The Russians no longer believe that the war will soon end and adapt to the new reality by accepting it. The proportion of those who think the war will last more than a year has tripled since the end of March to 51%. The average estimate of the attainability of the objectives of the war on a five-point scale is 3.16… Those who say they support the war do not believe that all the objectives have been achieved any more than the others (5 out of 5)! The number of Russians who answered that all goals have been achieved is only 13% and at least one in ten Russians believe that after a year of war, Russia has not achieved any of its goals. The reason, according to respondents: the Russian army was not prepared for war (12%); the humanity of the Russian forces and their desire not to harm civilians (10%), and not enough allies (10%).

But are they able to name the objectives of this war?

We posed an open-ended question to respondents: “If you had the opportunity to speak with Vladimir Putin, what would you say to him?”. Response from 9% of them: “the war drags on and we do not understand its purpose”. However, since May, the number of people who could not formulate war aims has fallen from 35% to 20%. But even with this drop, at the end of 2022, one in five people still did not know why this war is taking place.

Of course, those who watch television every day are the most likely to formulate the objectives of the war… 17% mentioned the “fight against the Nazis”, 15% the “victory of Russia” without specifying how the latter should be – no one starts a war with the intention of losing, so victory cannot be an objective! 12% answered the “return of Russian lands” (which according to some includes all of Europe and even Washington). Not to mention the 2% who say that “Putin knows the objective”. For these people, it seems that it is more important to win than to understand why the Russians are sent to the front. In all, 37% of Russians are unable to say clearly why the war in Ukraine is taking place.

Do the Russians want a change of power?

When asked “what would you say to Vladimir Putin if you had the chance”, only 25% of respondents answered that they would express their support for him (even if the overall approval rating remains high). And 13% would formulate economic and social demands and concerns about the future of Russia. Overall, 21% of respondents would be critical – for example by disapproving of the war or refusing to speak to Vladimir Putin.

Nevertheless, almost half of Russians believe that if the war is not over by 2024, presidential elections should not take place. Similarly, and unsurprisingly, 48% think that a change of power would be more harmful than anything else under these conditions. This can be explained by the fact that for many, a change of power is synonymous with instability and this, in an already difficult context.

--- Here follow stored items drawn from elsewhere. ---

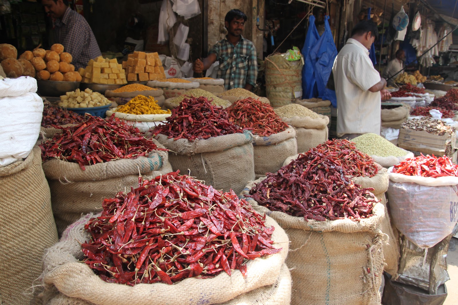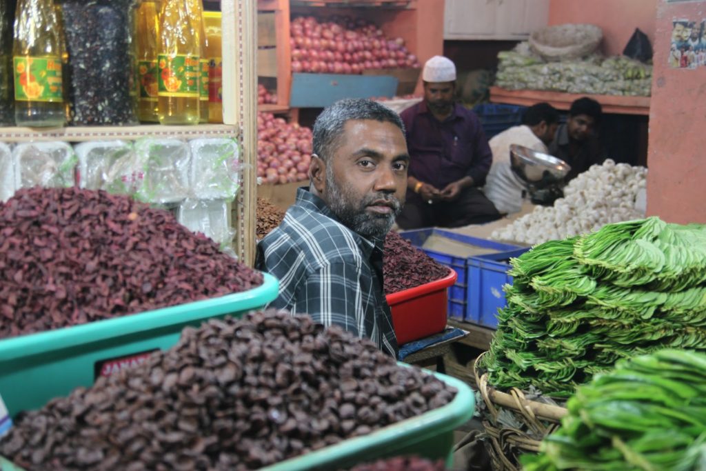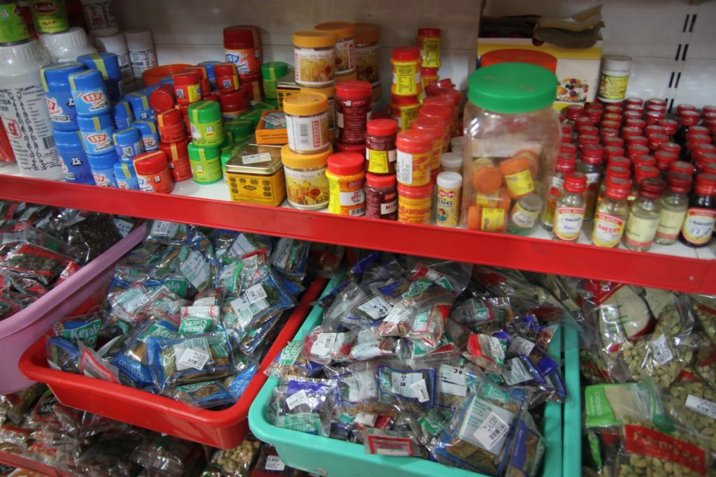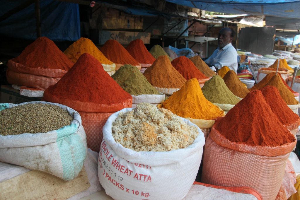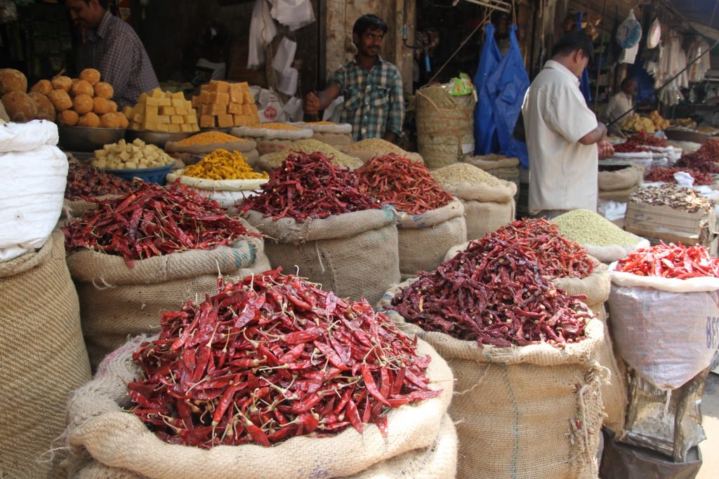 Tout aux alentours du marché, on trouve des ruelles pleines de boutiques, comme ce marchand d’épices et de piments.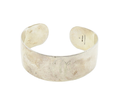 Vintage Kirk 900-1 Pewter Embossed Flower Carnation Cuff Bracelet 6.5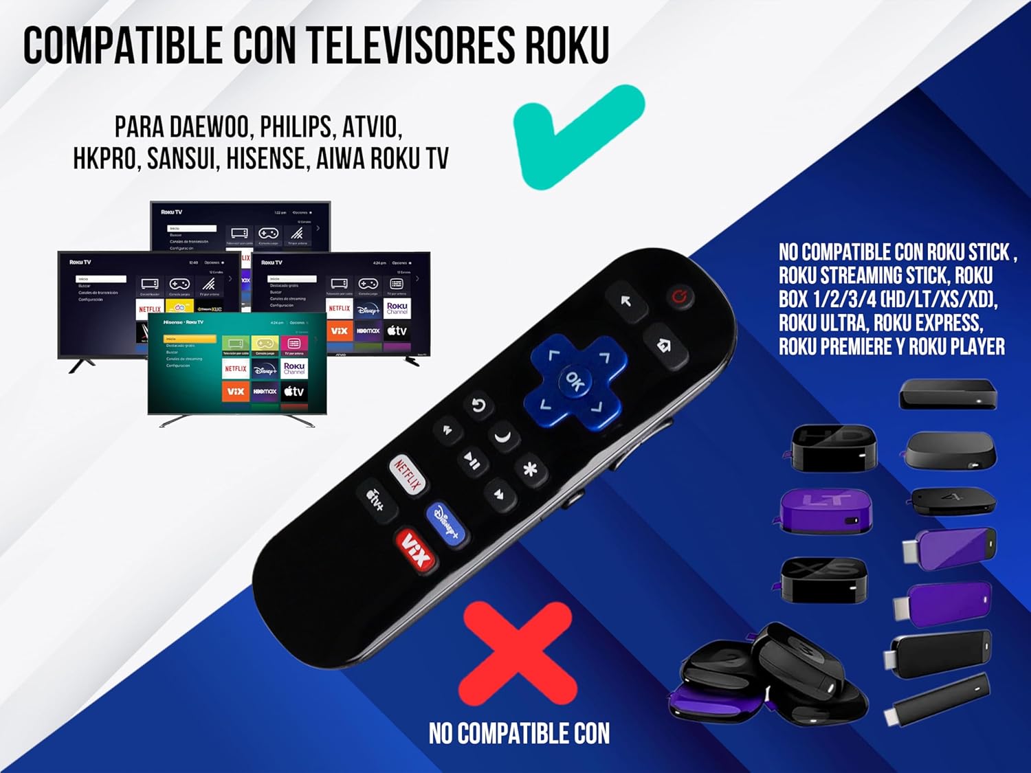 CONTROL EXPERT Control Remoto Compatible con Roku Philips Smart TV 3226000868 32pfl4765/f8 Hisense 50r6000gm 55r6000gm Netflix HBO Go Spotify JVC, Sharp, ATVIO

What should we deduce about the relationship of Russians to democracy?

It would be easy to deduce from these figures that the Russians have nothing to do with democracy. But that would be to forget that most Russians are aware of the rigging of the elections… So why waste part of the state budget on elections played in advance?

When you look at the results of the elections where some Democratic candidates managed to rush in, it is clear that the Russians are for change. The experience of Belarus is very revealing… The current president, Alexander Lukashenko, has always managed to obtain 90% of the votes thanks to vote rigging and the muzzling of the opposition. But during the last elections, the wife of one of the opposition candidates who had just been imprisoned, Svetlana Tikhanovskaïa, took over from her husband and succeeded in galvanizing the crowds over his rallies. There is no doubt that she would have won if Lukashenko had not tampered with the results of the vote.

You also ventured to ask the families of killed soldiers what financial compensation would be “fair” – in other words, the price of a life.

Absolutely. The majority (62%) found it difficult or refused to answer this question. Of the entire sample, 17% mentioned the fact that “human life is priceless”. However, 26% of respondents believe that it is fair to pay a lump sum of 1 to 10 million rubles as compensation (ie between 15,000 and 150,000 euros). This figure coincides with the one broadcast in the official Russian media of 7,421,000 rubles.